*** Opening of Extracted data ***
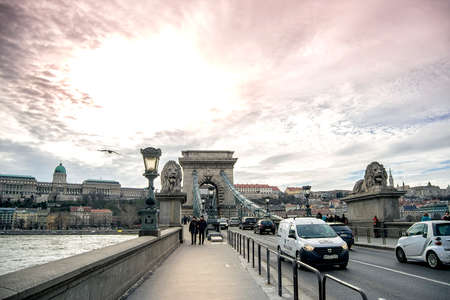 BUDAPEST, HUNGARY - March 19, 2019 : Busy Chain bridge, or Lanchid, in the capital of Hungary, Budapest
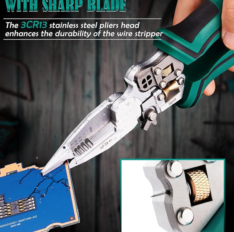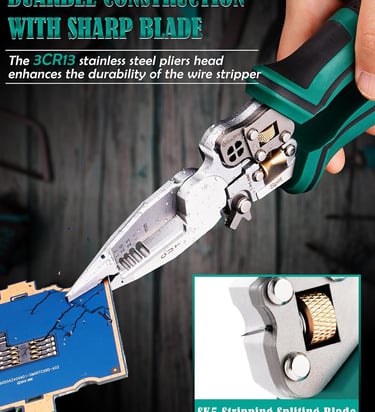 Upgrade your toolbox with this versatile 8-in-1 wire stripper designed for electricians and DIY users. Built from durable stainless steel, it strips, cuts, crimps, splits, twists wires, and even includes a built-in voltage indicator. Compatible with 10-18 AWG sizes, it delivers clean cuts and precise stripping without damaging conductors. Compact yet powerful, this all-in-one tool reduces clutter and boosts efficiency for home repairs or professional electrical work.
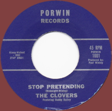 ワシントンDCで結成、50年代にはATLANTICレーベルでヒットを飛ばし人気を博したドゥーワップ/R&BグループCLOVERS。ATLANTIC退社後にはUNITIED ARTISTSに移籍、その後はメンバーチェンジを経て61年に解散した彼等。が、メンバーBUDDY BAILEYを中心に再編しマイナーレーベルで地味にシングルをリリース、本盤は63年にメンバーHAROLD WINLEYの実兄PAUL WINLEYの自主レーベルPORWINからのリリース。A面「One More Time」はダンサブルなゴスペル感覚溢れるR&B作品、ここではそのB面「Stop Pretending」を紹介。こちらは彼等の得意とする、ドゥーワップ系グループが歌いそうな甘いバラード作品で、オルガンを入れたモダンな質感の伴奏にゴスペル直系のリードヴォーカルがソウルフルな歌唱を聴かせる素敵な仕上がりとなっている。作曲はPAUL WINLEYとメンバーNATHANIEL BOUKNIGHT(本盤のレーベル表記は"BROKNIGHT")による。
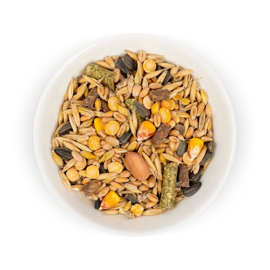 Склад: горохова крупа, комбікорм, кукурудза, овес, вівсяні пластівці, арахіс, насіння соняшнику, яблука сушені гранульовані, ячмінь, пшениця, злаково-фруктовий гранулят, трав’яне борошно гранульоване в асортименті.
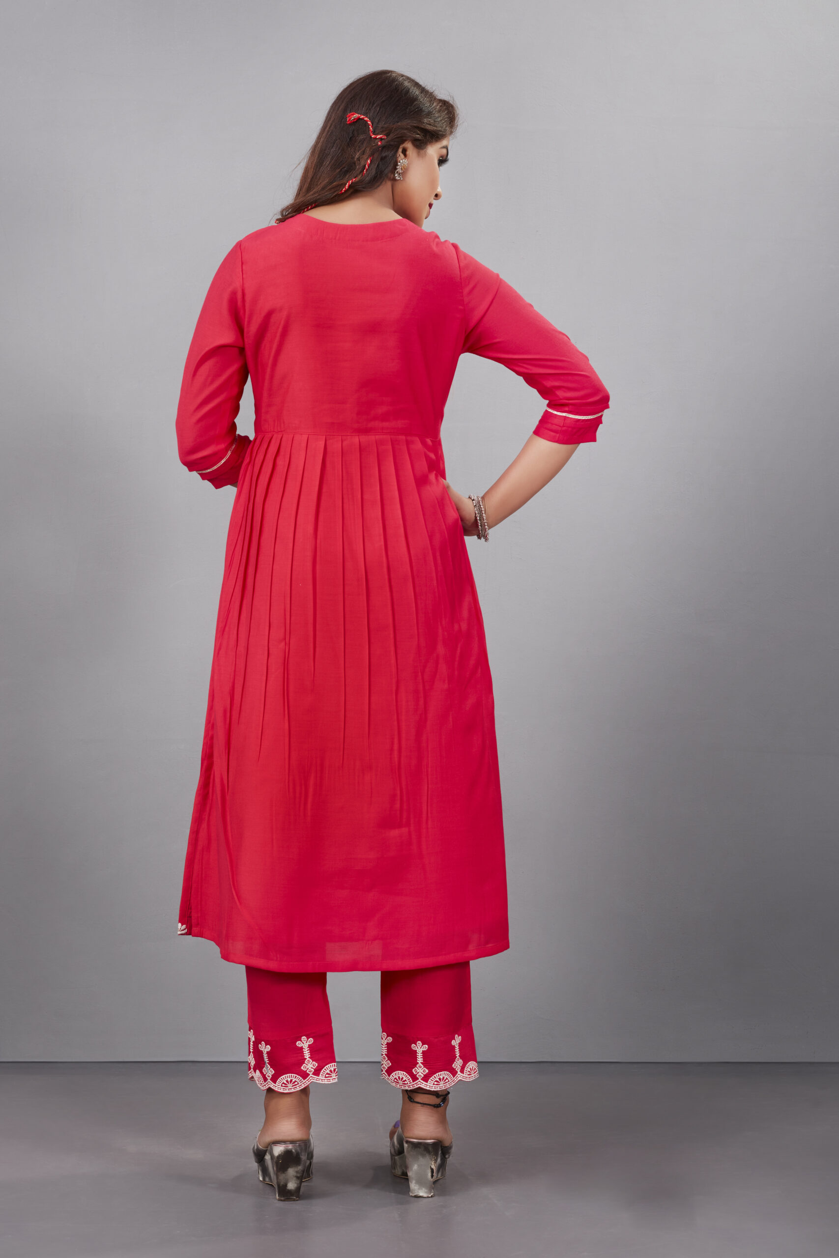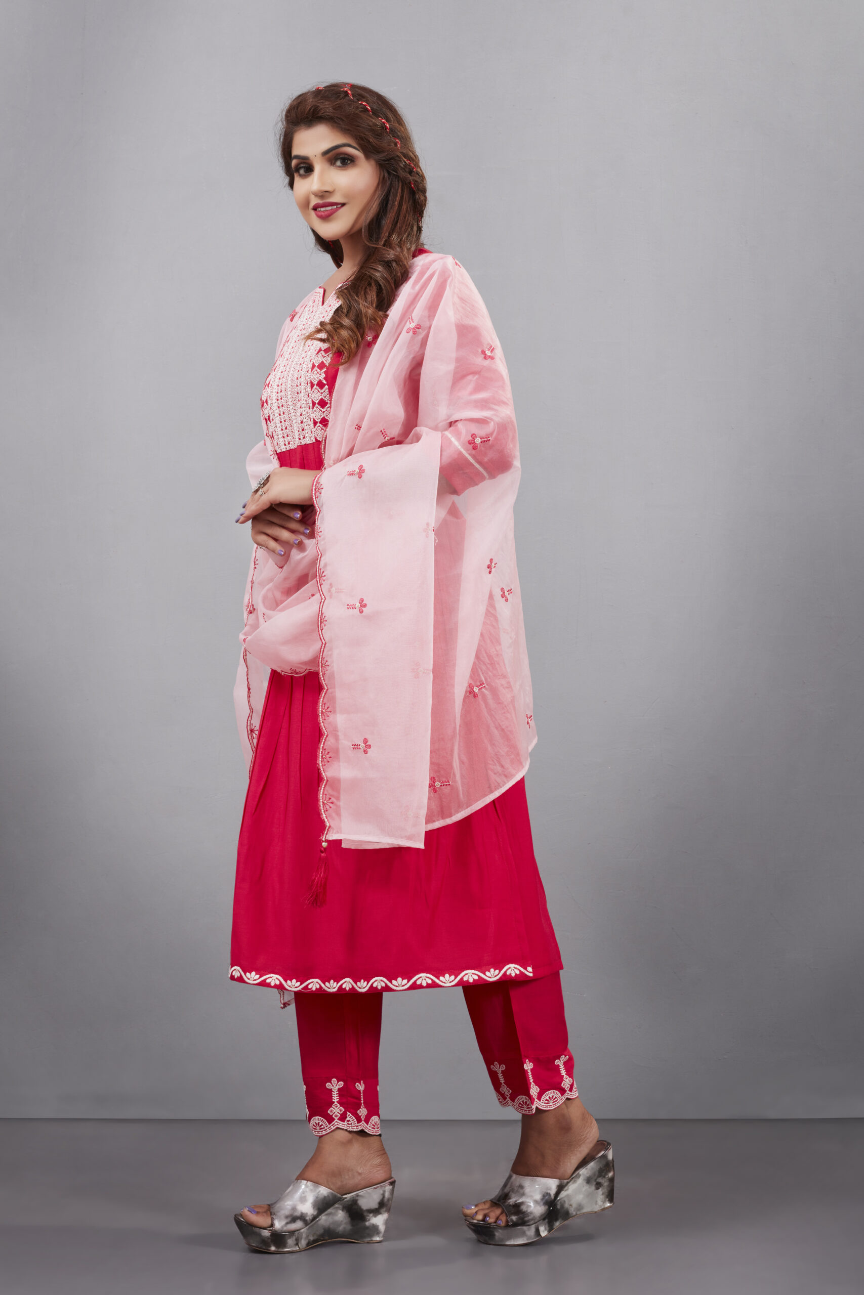 Red Muslin Silk Lucknowi Style Salwar Kameez
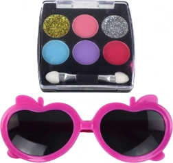 2× rossetto (rosso), palette ombretti (rosa, viola, blu, glitter argento e oro), 2× palette per contouring, occhiali rosa per bambine a forma di cuore, pennelli per trucco, separatore per le dita, lima per unghie, 2× smalto per unghie, custodia in plastica a donut con catenella
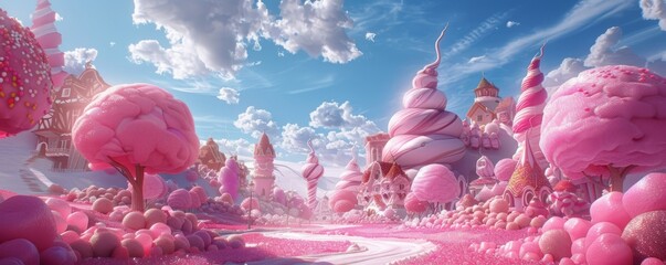 A whimsical candy land with sugary delights. Realistic.
*** Close of Extracted data ***
** The problem **
The reply must contain every entry above, exactly as written, and none of the pictures.

** Answer to this task **
 BUDAPEST, HUNGARY - March 19, 2019 : Busy Chain bridge, or Lanchid, in the capital of Hungary, Budapest
 Upgrade your toolbox with this versatile 8-in-1 wire stripper designed for electricians and DIY users. Built from durable stainless steel, it strips, cuts, crimps, splits, twists wires, and even includes a built-in voltage indicator. Compatible with 10-18 AWG sizes, it delivers clean cuts and precise stripping without damaging conductors. Compact yet powerful, this all-in-one tool reduces clutter and boosts efficiency for home repairs or professional electrical work.
 ワシントンDCで結成、50年代にはATLANTICレーベルでヒットを飛ばし人気を博したドゥーワップ/R&BグループCLOVERS。ATLANTIC退社後にはUNITIED ARTISTSに移籍、その後はメンバーチェンジを経て61年に解散した彼等。が、メンバーBUDDY BAILEYを中心に再編しマイナーレーベルで地味にシングルをリリース、本盤は63年にメンバーHAROLD WINLEYの実兄PAUL WINLEYの自主レーベルPORWINからのリリース。A面「One More Time」はダンサブルなゴスペル感覚溢れるR&B作品、ここではそのB面「Stop Pretending」を紹介。こちらは彼等の得意とする、ドゥーワップ系グループが歌いそうな甘いバラード作品で、オルガンを入れたモダンな質感の伴奏にゴスペル直系のリードヴォーカルがソウルフルな歌唱を聴かせる素敵な仕上がりとなっている。作曲はPAUL WINLEYとメンバーNATHANIEL BOUKNIGHT(本盤のレーベル表記は"BROKNIGHT")による。
 Склад: горохова крупа, комбікорм, кукурудза, овес, вівсяні пластівці, арахіс, насіння соняшнику, яблука сушені гранульовані, ячмінь, пшениця, злаково-фруктовий гранулят, трав’яне борошно гранульоване в асортименті.
 Red Muslin Silk Lucknowi Style Salwar Kameez
 2× rossetto (rosso), palette ombretti (rosa, viola, blu, glitter argento e oro), 2× palette per contouring, occhiali rosa per bambine a forma di cuore, pennelli per trucco, separatore per le dita, lima per unghie, 2× smalto per unghie, custodia in plastica a donut con catenella
 A whimsical candy land with sugary delights. Realistic.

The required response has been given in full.